Tams, West Virginia
Tams was opened by W.P. "Major" Tams's company, the Gulf Smokeless Coal Co., on Winding Gulf Creek in 1909, and was the first mine on Winding Gulf Creek to ship coal. As a matter of fact, when Virginian Railway construction finally reached Tams there was a stockpile of coal waiting there to be loaded. Tams was also later served by the C&O Railway, too. The Tams No. 1 mine was in the thick Beckley seam. This mine worked out in 1941, but by then the No. 2 mine down in the Pocahontas No. 4 seam had opened (in 1926). In the mid 1950's the Gulf Smokeless Coal Company, Winding Gulf Collaries, and McAlpin Coal Company were consolidated into Winding Gulf Coals, Inc., who kept Tams No. 2 mine open until 1966. (They also operated a Tams No. 5 mine in 1969-70, but I am not sure where it was located.) Around 1971 Westmoreland Coal Co. set up the headquarters for their Winding Gulf Divison at Tams, and adminsistered their mines at McAlpin, East Gulf, Eccles, Skelton, Otsego, and Maben before winding these operations down in the early and mid-1980's. Westmoreland Coal was a Pennsylvania mining company that was founded way back in the 1850's, and made their first forays into the Southern West Virginia coalfields in 1950 in Boone County, and they were also prominent in Wise County, Virginia. Westmoreland later fell on hard times, their stock value plummented to around 25 cents a share, and they went into bankruptcy. After reorganization they retreated from the Appalachian coal basin to concentrate on coal mines out West.
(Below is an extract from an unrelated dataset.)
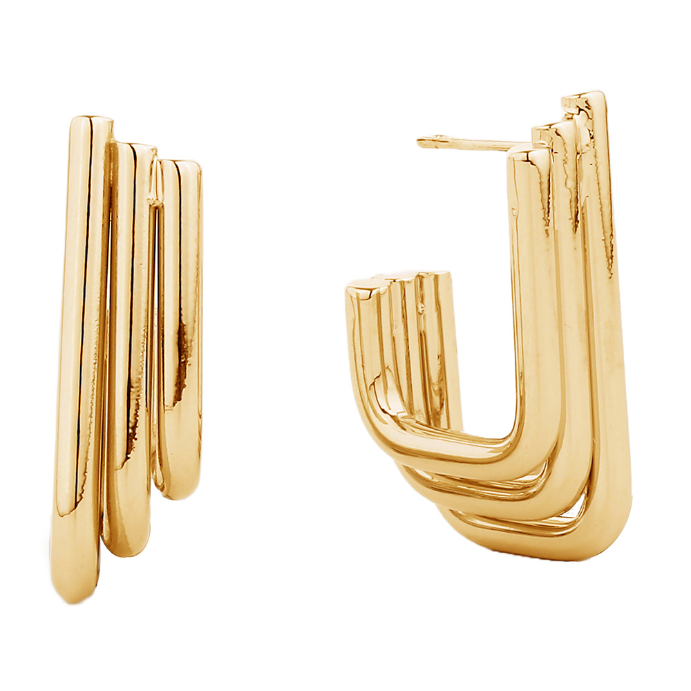 • Contemporary hoop earrings featuring a layered multi-bar structure with a geometric silhouette. Designed to stand out, these earrings bring modern elegance and artistic flair, making them a striking statement piece for both casual and formal looks.

After Westmoreland left Tams the town began to return to nature. The inhabitants left, and all of the company houses are gone now, including the one where "Major" Tams lived until he died. He wrote his autobiography, The Smokeless Coal Fields of West Virginia, and Playboy magazine came to Tams to interview him as one of the last surviving coal barons before his death in 1977. One chapter in the book covers the operations of the Gulf Smokeless Coal Company. This is a rare example of a detailed documentation of the formation of a coal company/mine/camp being available to the general public. In it Tams covers such topics as how he paid workers a wage higher than the unionized miners were receiving, how his company paid a dividend to investors every year, even during the 1930's depression, and how he constructed the town so that "the houses above the tipple were occupied by the Negroes, the section below the tipple by white Americans, and still further down a section for the foregin miners."